How to remove the last fully connected layer from a CNN in fastai to stack more than one CNN into a FC-NN?

btw do you have the dataset? if u do, let’s build one

You may also want to reconsider doing a simple concat - you’re throwing away spatial information.

Something at the top of the frontal image will roughly correspond to something at the top of the lateral image. It might be better to concatenation along a new dimension and doing a 2D convolution rather than a normal concat and a fully connected layer.

You should also consider sharing weights between the frontal and lateral networks, at least for early layers, since they are processing similar data.

I did something like this for CC and MLO mammograms in Keras, don’t have working pytorch code for it yet.

2 Likes

what you say makes a lot of sense. by concatenating the two along a new dimension do you mean we will have a activation size of (2, bs, 7,7)?

I didn’t note it was done separately. In that case it is best to save the features to disk. So you could do something like

out = model1(inp)
save_output(out, fnames)

And then use these features to train the final fc layers. So in a separate file
learn.model = nn.Sequential(nn.Linear(*args), nn.ReLU(), nn.Linear(*args2))

If you need a slightly inefficient way then taking from the earlier example:

class NewModel(nn.Module):
    def __init__(self, m1, m2):
        self.m1 = m1
        self.m2 = m2
        self.lin1 = nn.Linear(args)  #args are the required arguments
    def forward(self, inp):
        out1 = self.m1(inp)
        out2 = self.m2(inp)
        out1 = out1.detach()
        out2 = out2.detach()
        out3 = torch.cat([out1, out2], dim=-1)
        out4 = self.lin1(out3)
        return out4

detach would prevent backward flow. However, do note you are doing the forward pass multiple times, so best to save it to a disk. However, that would require you to redefine your Dataset, especially the __getitem__ function.

There are some efficient ways to do that. I think in previous versions fastai used bcolz which might be worth exploring for fast reading of numpy arrays. A not so good version of doing this is https://github.com/TheShadow29/FAI-notes/blob/master/notebooks/Using-Forward-Hook-To-Save-Features.ipynb (especially the last part of saving and loading the features).
Do note that with new pytorch and fastai versions, some of it is outdated, so might not work out of the box.

Let me know if I am answering your question.

1 Like

You would pool along the horizontal dimension to get a dimension of 1 horizontal, 7 vertical or whatever the output size of your network is.

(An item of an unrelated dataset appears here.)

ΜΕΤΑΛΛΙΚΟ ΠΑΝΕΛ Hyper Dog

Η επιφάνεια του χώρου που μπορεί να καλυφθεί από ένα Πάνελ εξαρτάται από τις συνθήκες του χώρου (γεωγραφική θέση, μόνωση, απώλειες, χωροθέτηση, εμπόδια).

You would then add a convolutional layer or two on what would now be 2x7 or 7x2 depending on your image orientation. (Would obviously not be able to use a 3x3 kernel.)

1 Like

Just curious, when you did your data-augmentation for the lateral images, do you perform anything special other than the usual transforms_side_on ? For example, in fastai normal images we do transforms_side_on, saterlite images we do transforms_top_down

transforms_basic    = [RandomRotate(10), RandomLighting(0.05, 0.05)]
transforms_side_on  = transforms_basic + [RandomFlip()]
transforms_top_down = transforms_basic + [RandomDihedral()]

If you are trying to find relationships along the shared dimension, you can’t randomly flip it in your data augmentation.

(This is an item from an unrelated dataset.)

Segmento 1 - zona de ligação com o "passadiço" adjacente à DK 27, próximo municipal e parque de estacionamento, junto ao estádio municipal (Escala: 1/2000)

Ie no vertical flips for PA and lateral chest X-rays.

2 Likes

It seems like the more optimal approach would be to jointly model these images. Flipping would then be OK, so long as if one is flipped then the other is also flipped. That is, it would preserve the spatial co-dependence. However, it is much easier for me to say offhand that than to actually produce a model reflecting that viewpoint.

1 Like

I don’t have the dataset, but reading that paper made me curious how such models can be built using fastai. And this is not the first time I see such models. A lot of kaggle comp winners used such complex models. I don’t remember where though. But this is something that intrigued me for so long…

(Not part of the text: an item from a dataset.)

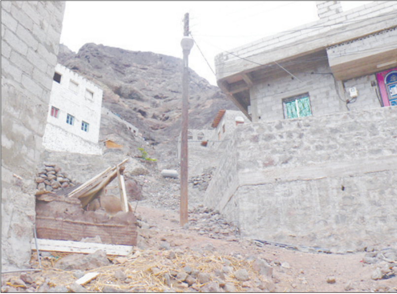
العشوائيات في مجرى السيول ويبدو عمود الكهرباء هو الآخر يتحدى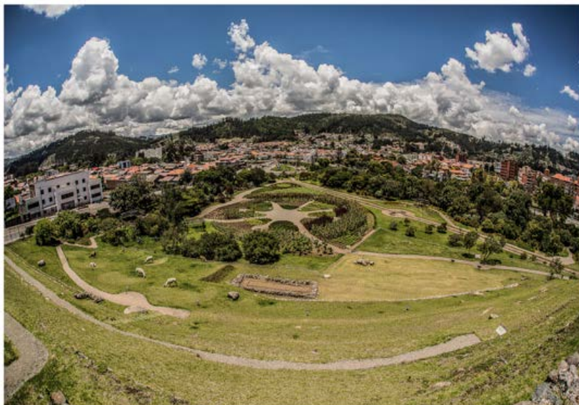
Figura 2. Sitio arqueológico Pumapungo.

Hey @davecg That’s a pretty darn good insight!! This is something that I thought of too, but did not know how to do it. Thought about 3D CNN, but that’s not good, since the lateral and the frontal views are not exactly related by depth, although somehow they are related (the up here is like the up there). I thought also if it can be stacked using R: frontal , B: Lateral, G: average of both. But this is not ideal too. Most of imageNet images’ RGB channels are not differ in structure too much like these 2 views. So your idea seems the best to deal with this spatial thingy :slight_smile:

That’s another great idea. Can you share the keras code? One day perhaps, I will port it to fastai/pytorch after learning fastai part2.

@TheShadow29 You are keeping to amaze me with your pytorch skills.

So what will be the difference between your first code when you made one big model combining the two CNN into one FC NN, compared to doing it like in the paper separately?
Why they have done it separately?

Do you agree that if training is possible in one big combined model (of course if GPU memory allows it), then it is better to avoid training separate models? Results will be the same , but the combined model will be more efficient?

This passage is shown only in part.